Recebeu do presidente da Câmara, João Paulo Cunha, uma insígnia e um
diploma por sua atuação em investigações que desmantelaram
quadrilhas de contrabando e falsificação de cigarros e de
adulteração de combustíveis. A cerimônia teve um duplo significado
para ele. O primeiro foi o de mais um reconhecimento de seu trabalho
como servidor público, sempre na linha de frente do combate à
corrupção. O outro foi a presença na platéia de representantes das
maiores empresas brasileiras de combustíveis, cigarros e bebidas -
clientes potenciais para a nova atividade do procurador. Ele é
dono de 98% das ações da empresa GS Centro de Educação e Prevenção
da Violência Infanto-Juvenil Ltda.- os demais 2% são de sua mãe,
Alzira. A GS foi criada em maio. A partir de junho, vem encaminhando
a grandes empresas pedidos de financiamento de um projeto que
consiste num livro escrito pelo próprio Schelb ainda em fase de
revisão e um site em construção. O problema é que o empresário
Schelb pediu patrocínio a algumas empresas que podem ter interesses
em investigações promovidas pelo procurador Schelb.
O procurador confirma que enviou pedidos de patrocínio no valor de
R$70 mil cada um a Souza Cruz, Fiat, Coca-Cola, Volkswagem e ao
Sindicato de Empresas Distribuidoras de Combustíveis (Sindicom).
Gerou constrangimentos. Schelb participou da força-tarefa formada
pelo Ministério Público, pela Polícia Federal e pela Receita Federal
que investigou o contrabando e a falsificação de cigarros. Com a
quebra dos sigilos fiscal e telefônico de Ari Natalino e
Roberto Eleutério, foi desmantelada a maior quadrilha de cigarros do
país. A diretoria da Souza Cruz, que se livrou de uma concorrência
desleal, recebeu há duas semanas um pedido de patrocínio da empresa
de Schelb.
A apuração do procurador também atingiu em cheio a Petroforte
Brasileiro Petróleo Ltda., uma grande distribuidora que foi fechada
pela Agência Nacional de Petróleo após a descoberta de que fraudava
combustíveis e sonegava impostos. O resultado foi comemorado pelos
gigantes da distribuição de petróleo no país que têm um
programa de combate à fraude tocado pelo Sindicom.

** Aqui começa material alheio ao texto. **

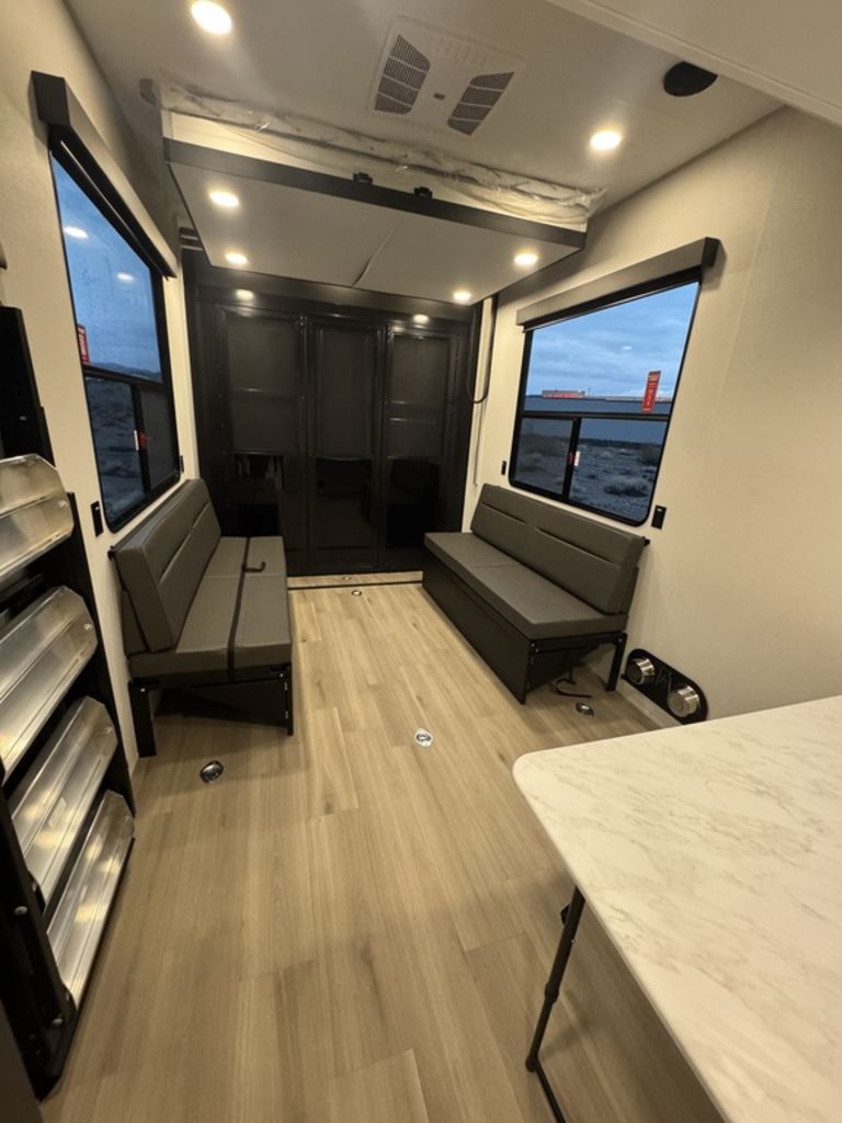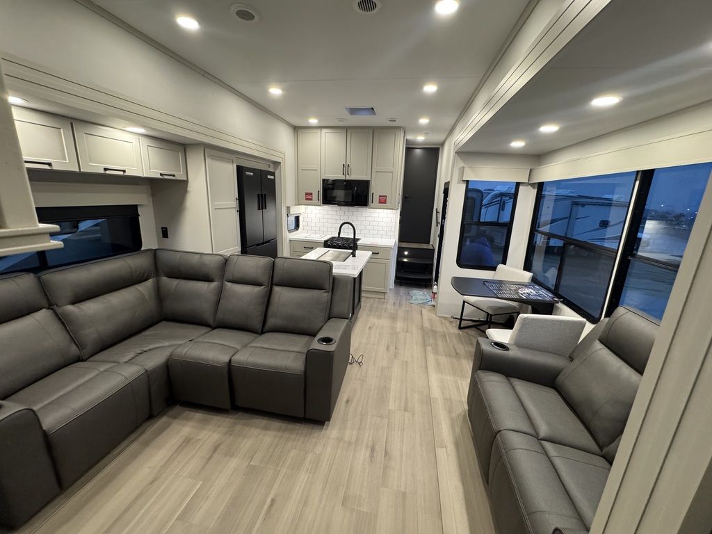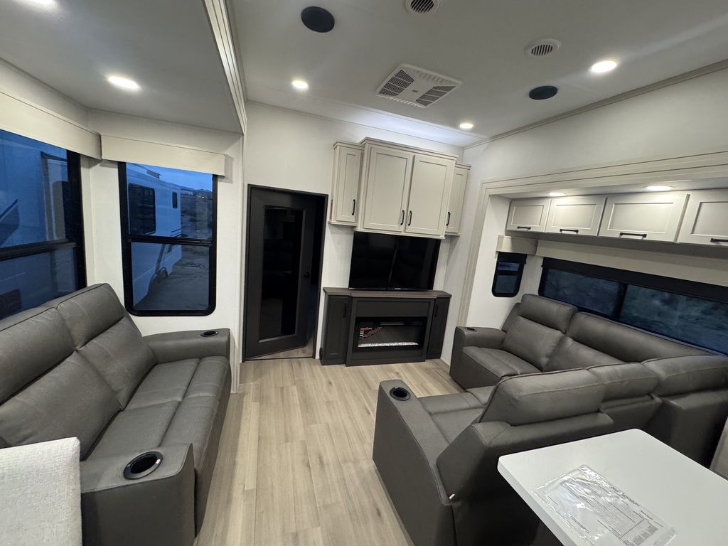**Welcome to JR Motors Mohave County's #1 RV dealership** Load up your toys and hit the road in luxury with the Momentum G-Class 394G! The 15-foot garage gives you plenty of space for ATVs, bikes, or side-by-sides, complete with 2,500 lb. tie-downs, Ram-Air vents, and rear-ramp loading lights. Once you unload, the rear aluminum deck system with power awning transforms your garage into an outdoor patio — perfect for relaxing after a long day of adventure. Inside, the Momentum G-Class 394G combines residential comfort and modern tech with Artisan décor, solid-surface countertops, LED Smart TV, fireplace, and Rockford Fosgate premium audio system. The 15 cu. ft. 12V refrigerator, microwave, and 3-burner range make meal prep easy, while the OmniConnect Gen 3 Starlink/WiFi prep and dual solar panels (660W total) keep you connected and powered off-grid. The front master suite features a king bed, solid bedroom door, and direct access to a spacious full bath with a walk-in shower and skylight. Dual entry doors, a 50A power system with inverter prep, and the electric auto-leveling system make setup and travel effortless. This toy hauler is built for four-season adventure with the G-Class Insulation Package, heated and enclosed underbelly, and double-insulated roof and front cap. The MORryde CRE3000 suspension, 17.5” H-rated tires, and triple 8,000 lb. axles with ABS brakes deliver a confident, smooth tow wherever you roam. JR Motors we're located in beautiful Lake Havasu City, AZ, we currently have a huge selection of toy-haulers along with fifth-wheels, travel trailers and more all in stock and ready for immediate delivery so you'll be camping by the weekend! "let's go camping" JR Motors 928-680-2886 Open 7-days a week!

No dia 18 de
junho, a estagiária Miriam Brunet, do gabinete de Schelb no
Ministério Público, enviou um e-mail ao Sindicom com o pedido de
patrocínio para o projeto do empresário Schelb. 'Não vejo
nenhum conflito de interesses nisso. A sociedade brasileira toda foi
beneficiada com as minhas investigações', diz Schelb.
De acordo com o procurador, até agora ele só recebeu patrocínio da
Brasil Telecom, do banqueiro Daniel Dantas. Schelb alega que não há
conflito de interesse porque não investigou e nem assinou nenhuma
ação contra a empresa. 'Eu não faço propostas a empresas que
investiguei.' Confrontado com a informação de que teria
trabalhado ao lado do procurador Luiz Francisco de Souza na apuração
da privatização das empresas de telefonia, ele voltou a negar.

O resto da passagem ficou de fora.